The High Street retail world may be reeling under a variety of pressures, particularly from ecommerce, but there has been a boom in new warehousing as mega sheds take shape to fulfil the consumers’ online shopping needs. This is a reflection of what the Internet of Things (IoT) has wrought, which sees the disintermediation of traditional supply chain players like retailers and wholesalers, who are left with too much invested in costly real estate assets like shops, and about which this writer commented would happen over 30 years ago. The brave new world means the warehouse is now the lynchpin that will decide the victors from the vanquished.

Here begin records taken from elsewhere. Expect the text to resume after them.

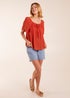 Blue Vanilla Orange Shirred At Front Swing Top
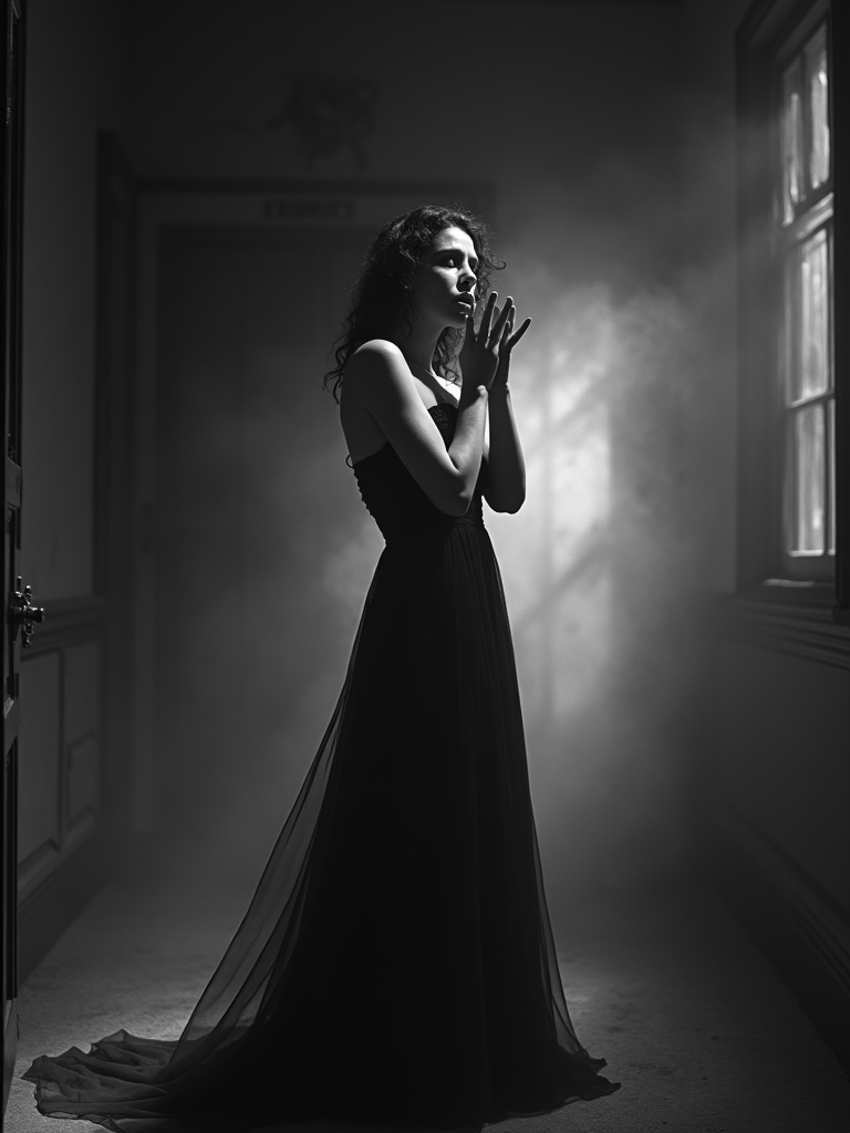 black and white 35mm film of model as a 1920s silent horror film scream queen, wearing a flowing nightgown, dramatically terrified expression with hand to face , harsh shadows, high-contrast black and white, gothic mansion set with fog effects
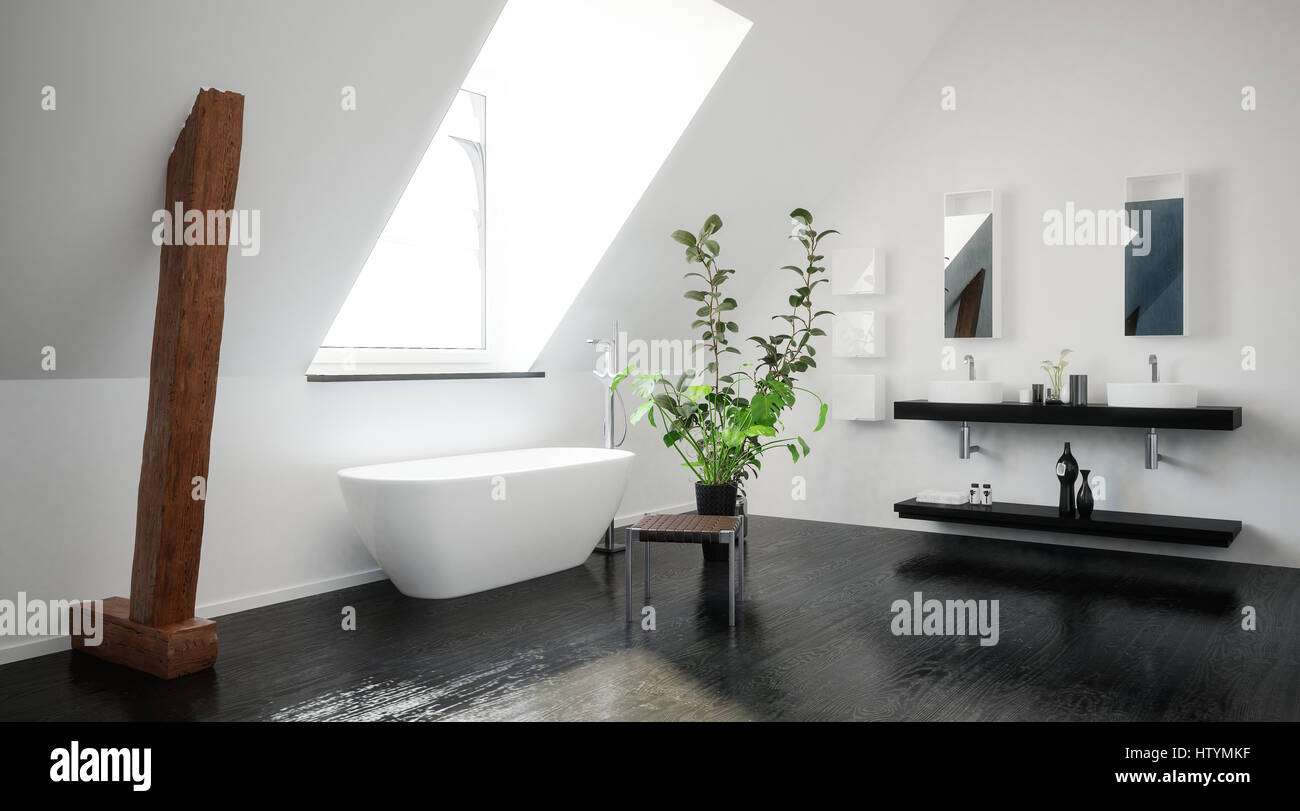 Blanco Y Negro Moderno Bano Atico Con Vigas De Soporte De Madera
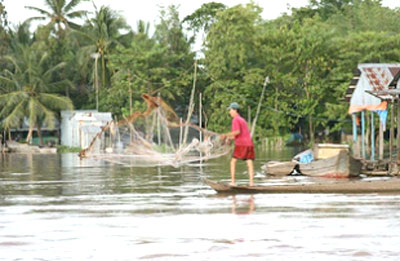 | Một người đàn ông đánh cá trên sông Mê Kông |
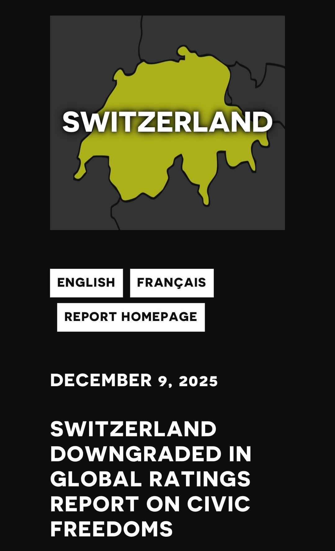 CIVICUS Monitor declassa il rating della libertà civica della Svizzera https://www.reddit.com/gallery/1pk6e6y di Zwerg_Zweck
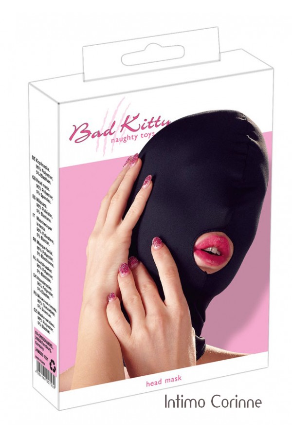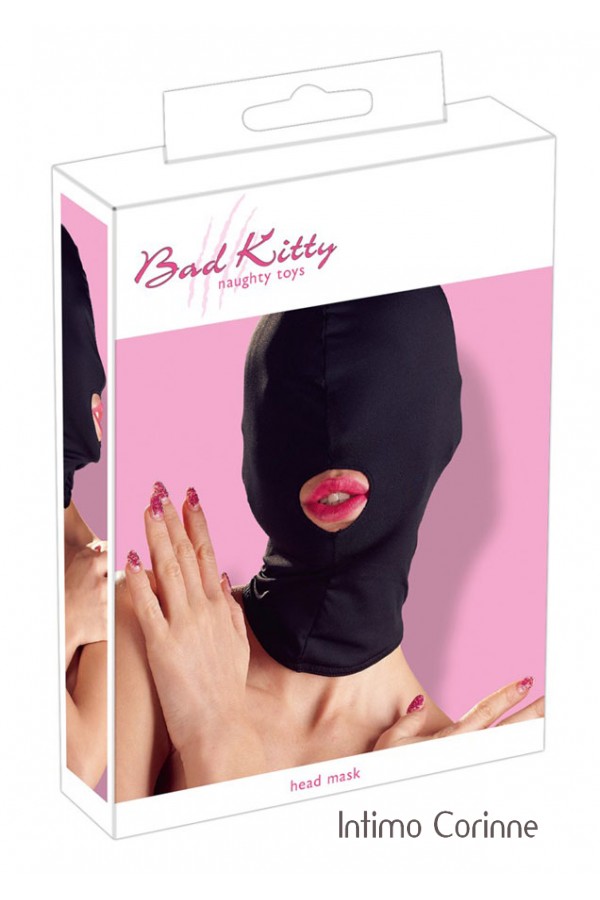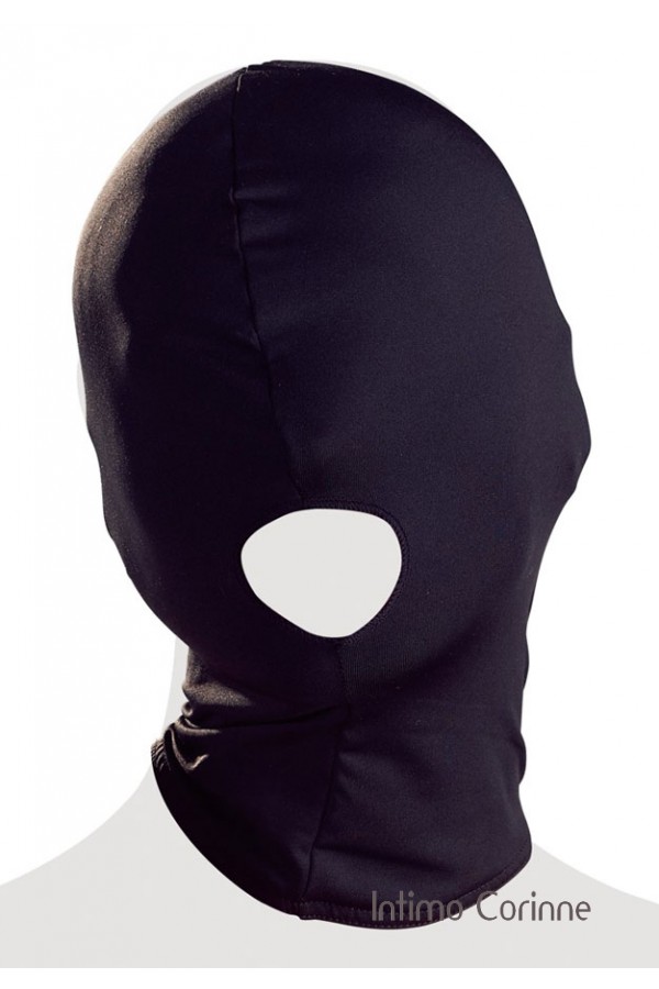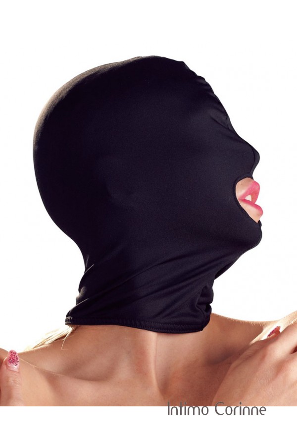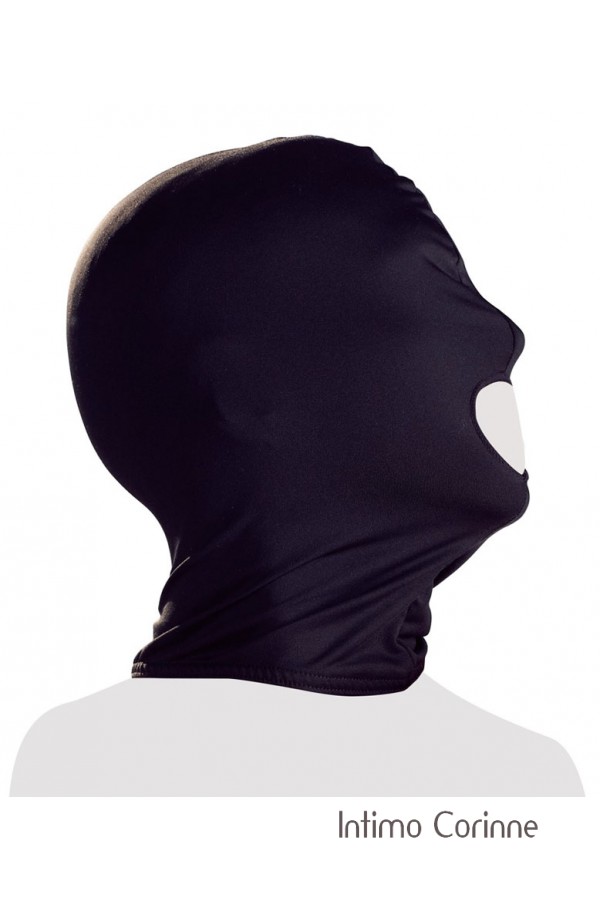 Maschera integrale realizzata in morbido tessuto nero elasticizzato con apertura per la bocca.
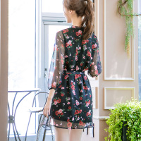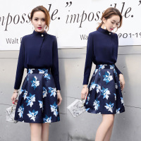莞馨2017秋季新品圆领长袖雪纺衫碎花短裙两件套 连衣裙 女 潮
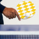 • For one-sided printing, the undecorated side features a 2-ply, ‘pips in’ rubber face.
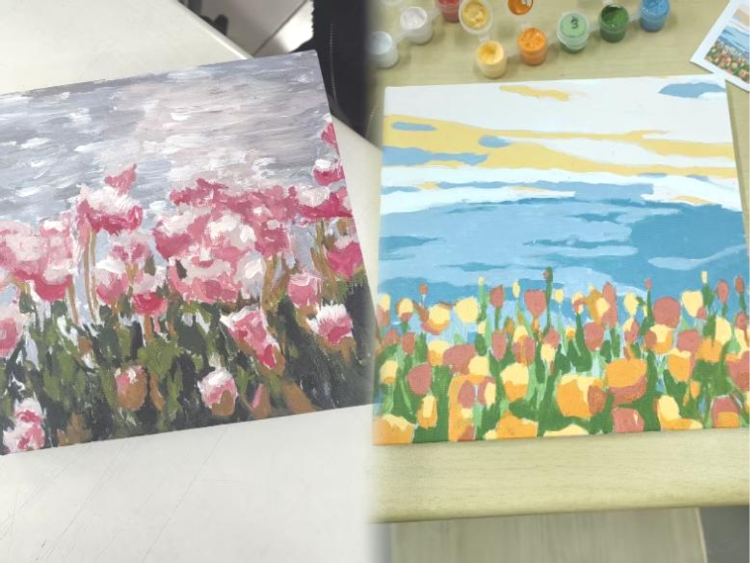 商务外语学院开展“以画为礼,共赏芳华之美”油画DIY活动

This shows the vital importance of stock levels and their turnover rates, because as one former Toyota Vice President pithily commented: “Warehouses put money to sleep.” The key exercise for many warehouses, therefore, will be an optimal design that balances capacity and operational efficiency. Seeking this Holy Grail can be a fiendishly complex task, so no matter what size your business why not consider engaging logistics consultants with a good track record? Or alternatively offload the warehouse function to a 3PL with the right kind of experience in your products field, because as logistics specialists they have the right kind of experience, leaving you to concentrate on your core functions of production and marketing. Their experience has been known to lower their clients’ logistics’ costs through efficiency gains.

If thinking of going down the consultancy route there are a number of questions to ask. What is their implementation experience? Investigate the consultant’s methodologies to see if they are proven to deliver robust, evidence-based recommendations. Quiz them on their knowledge of MHE suppliers’ offerings, particularly important if there is to be any significant level of automation planned. Ensure that they are not tied in any way to such equipment suppliers. Be wary of yes persons and try to establish a trust-based relationship so that the consultant is honest about the value of the project, because its overall cost will weigh heavily on the board’s approval decision. Are they independent of software companies and 3PL providers. If feasible, try to visit other companies who have chosen the consultancy route to see how their consultants performed. A good consultant will recognise the issues that add risk to projects and work with the client to minimise these even before they are engaged. E-commerce warehouses are a breed apart in that they need more careful optimisation beyond that needed for fulfilment of traditional, order delivery profiles. This is because mainly single item orders are being placed 24/7 within tight delivery constraints to customers, i.e. 24 hours or sameday delivery. Difficulty is added when special promotions lead to huge, sudden demand increase. In this situation one would expect to see much higher investment in automation, like fast sortation conveyors and various goods-toperson order picking systems. It requires careful synchronisation of warehouse operations and sales order processes to ensure orders can be shipped on time and in full.

Size, they say, matters but in warehouses that does not mean oversized, though it would be prudent to have some undeveloped land handy in case business growth rockets. Getting the overall size right can be helped with stockforecasting programs that allow total stocks to be trimmed by up to one third without harming customer service levels.